Mosley, president of the sport's world governing body (FIA), believes the system could be introduced if proposals to cut costs in F1 lead to more entries than there are vacancies on the grid.
F1, which is limited to 12 teams, has a feeder series, GP2. Although drivers move between the two, it has been very rare for a team to make the leap because of the huge costs involved in trying to compete in the top flight.
"There should be a system of some kind," Mosley told reporters.
"What ought to happen is there should be a formula below F1 which should be much less expensive and through which it should be compulsory to pass in order to get a (drivers`) super licence.
"Whoever is the best in that should be allowed to move in on whatever basis, rather like a league, and the least good in F1 should perhaps drop out.

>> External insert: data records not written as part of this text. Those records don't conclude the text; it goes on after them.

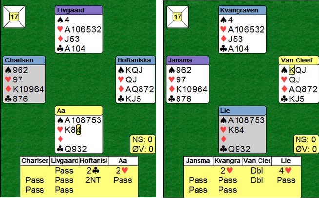 Jeg vet ikke hvorfor Allan ikke åpnet med 2hj, men det mulig de ikke kan ha to esser. I 4hj satt det greit og +590 til Norge. Fire beiter i 2NT ga en nier inn til Norge.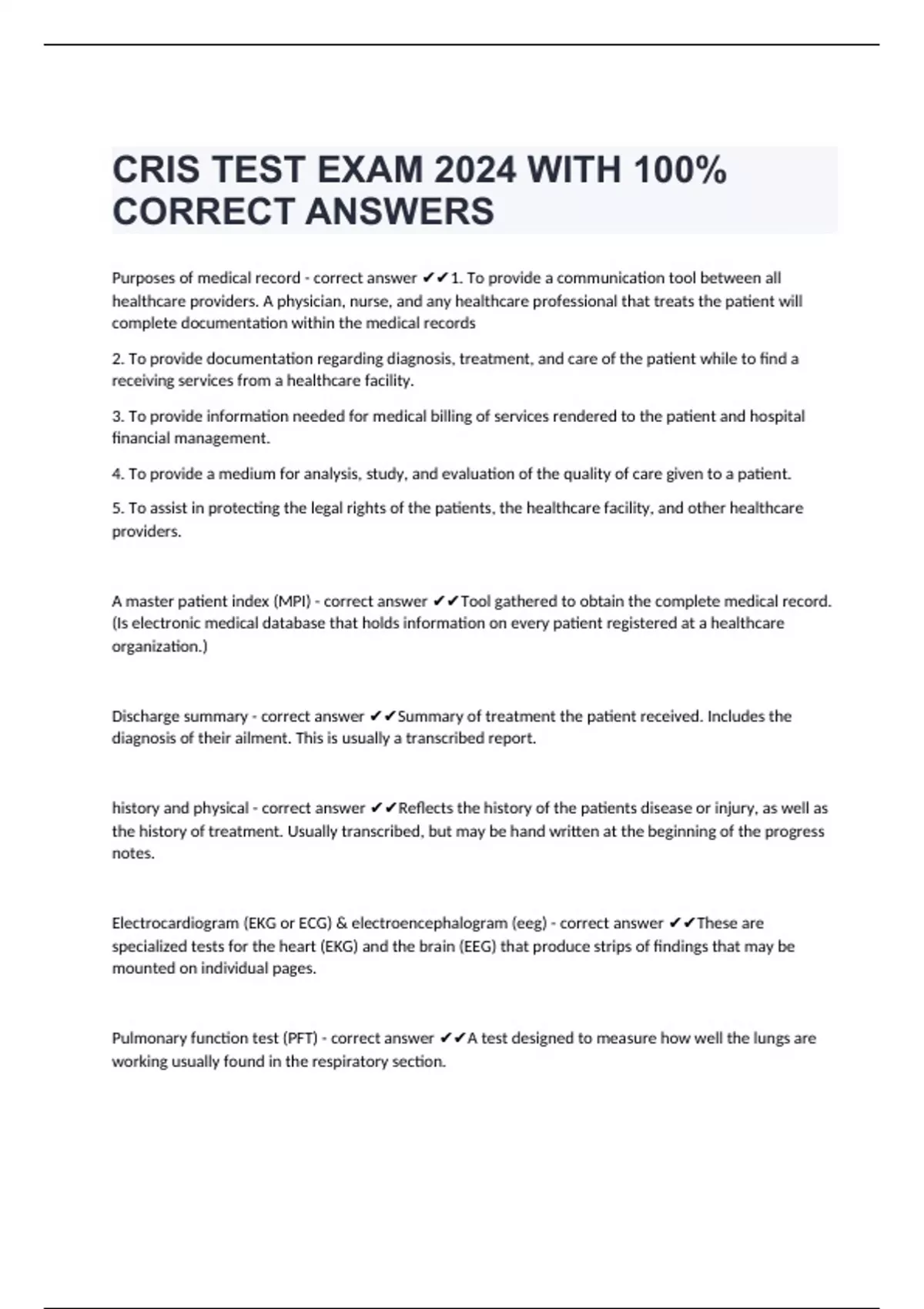 Purposes of medical record - correct answer 1. To provide a communication tool between all healthcare providers. A physician, nurse, and any healthcare professional that treats the patient will complete documentation within the medical records 2. To provide documentation regarding diagnosis, treatment, and care of the patient while to find a receiving services from a healthcare facility. 3. To provide information needed for medical billing of services rendered to the patient and hospital financial management. 4. To provide a medium for analysis, study, and evaluation of the quality of care given to a patient. 5. To assist in protecting the legal rights of the patients, the healthcare facility, and other healthcare providers. A master patient index (MPI) - correct answer Tool gathered to obtain the complete medical record. (Is electronic medical database that holds information on every patient registered at a healthcare organization.) Discharge summary - correct answer Summary of treatment the patient received. Includes the diagnosis of their ailment. This is usually a transcribed report. history and physical - correct answer Reflects the history of the patients disease or injury, as well as the history of treatment. Usually transcribed, but may be hand written at the beginning of the progress notes.
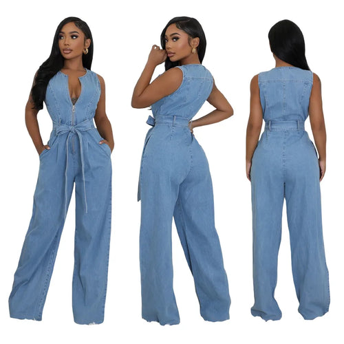 Women's Daily Bodysuits Casual Solid Color Full Length Belt Jumpsuits

"That is sometime in the future but it definitely is on the radar. In a logical system you cannot have a closed shop and we see that with the system that we have got now."
Mosley believes a promotion-relegation style system would help introduce young blood into a sport where several team principals have been around for 30 years or more.
"Until Christian Horner (Red Bull) came along there wasn't a single team principal under 50," said Mosley. "Whereas when I started there was hardly any over 40.
"We have all grown old together but none of us noticed because (Formula One supremo) Bernie (Ecclestone) was always a bit older than the rest of us and one or two disappeared.
"Frank (Williams) and Ron (Dennis) have all been there since the end of the 1960s."